Women have always had to fight hard for equality and acceptance, especially in the workplace. In primarily male-dominated fields like cybersecurity, women make up only 20 percent of the workforce. Although that figure is climbing, we have a long way to go before women are seen as more than tokens in the industry.
There is a tremendous opportunity for women who want to break into cybersecurity. According to Forbes Magazine, by 2021, there will be 3.5 million jobs available in cybersecurity. Cybercrime is on the rise, and companies all over the world are scrambling to fill the open positions with good cyber technicians to field the swarm of threats that are coming.
Experts hope that within the next few years, that gender gap will narrow with women making up 50 percent of the cybersecurity workforce. Although that climb might be ambitious, more women are entering the industry every day and making a difference,
Closing the gender gap is not only crucial for business, it is essential for cybersecurity itself. The threats to computers, networks, and individuals come from a diverse pool of people with varying experiences and backgrounds. So in keeping with the “fight fire with fire” mentality, the industry needs to diversify its combatants just to keep up.

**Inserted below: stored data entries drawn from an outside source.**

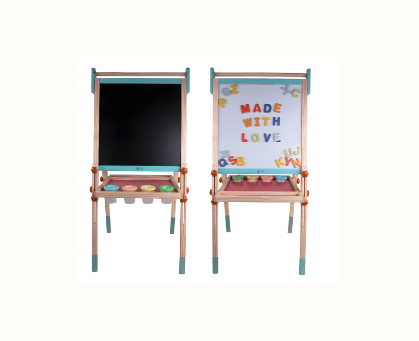 Designed for children aged 3 and up, this Classic World foldable easel features a chalkboard and a magnetic whiteboard for drawing and learning. The easel includes plastic paint cups and magnetic English alphabets, with adjustable height for growing children. It encourages creativity, early literacy, and imaginative play.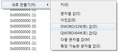 DesktopLivePreviewHoverTime이 보이지 않는 경우 마우스 우클릭 후 '새로 만들기' - > 'DWORD(32비트) 값'으로 새롭게 등록해주면 됩니다.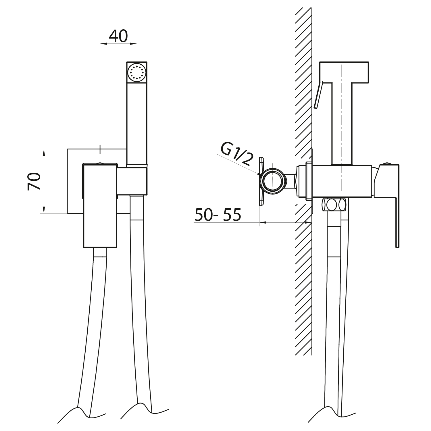 CM040 CUBEMIX falbasüllyesztett csaptelep bidézuhannyal, króm

Another pressing issue is that there is a significant labor shortage in the field of cybersecurity. The need far outweighs the solution right now, and since women make up more than half the population, there is an excellent opportunity for women to enter this field and earn top-paying, leadership roles.
Traditionally, women in male-dominated industries are often victim to discrimination and gender disparity. However, with the great need for smart, capable engineers, companies are working hard to equalize their workforce and diversify to make these positions appealing to women and other underrepresented groups.
There is no better example of a trailblazer in cybersecurity than Ann Barron-DiCamillo, head of the Department of Homeland Security’s U.S. Computer Emergency Readiness Team (US-CERT). Barron-DiCamillo has been spearheading the United States cybersecurity initiative for almost three years. She is a well-respected representative in the technical community.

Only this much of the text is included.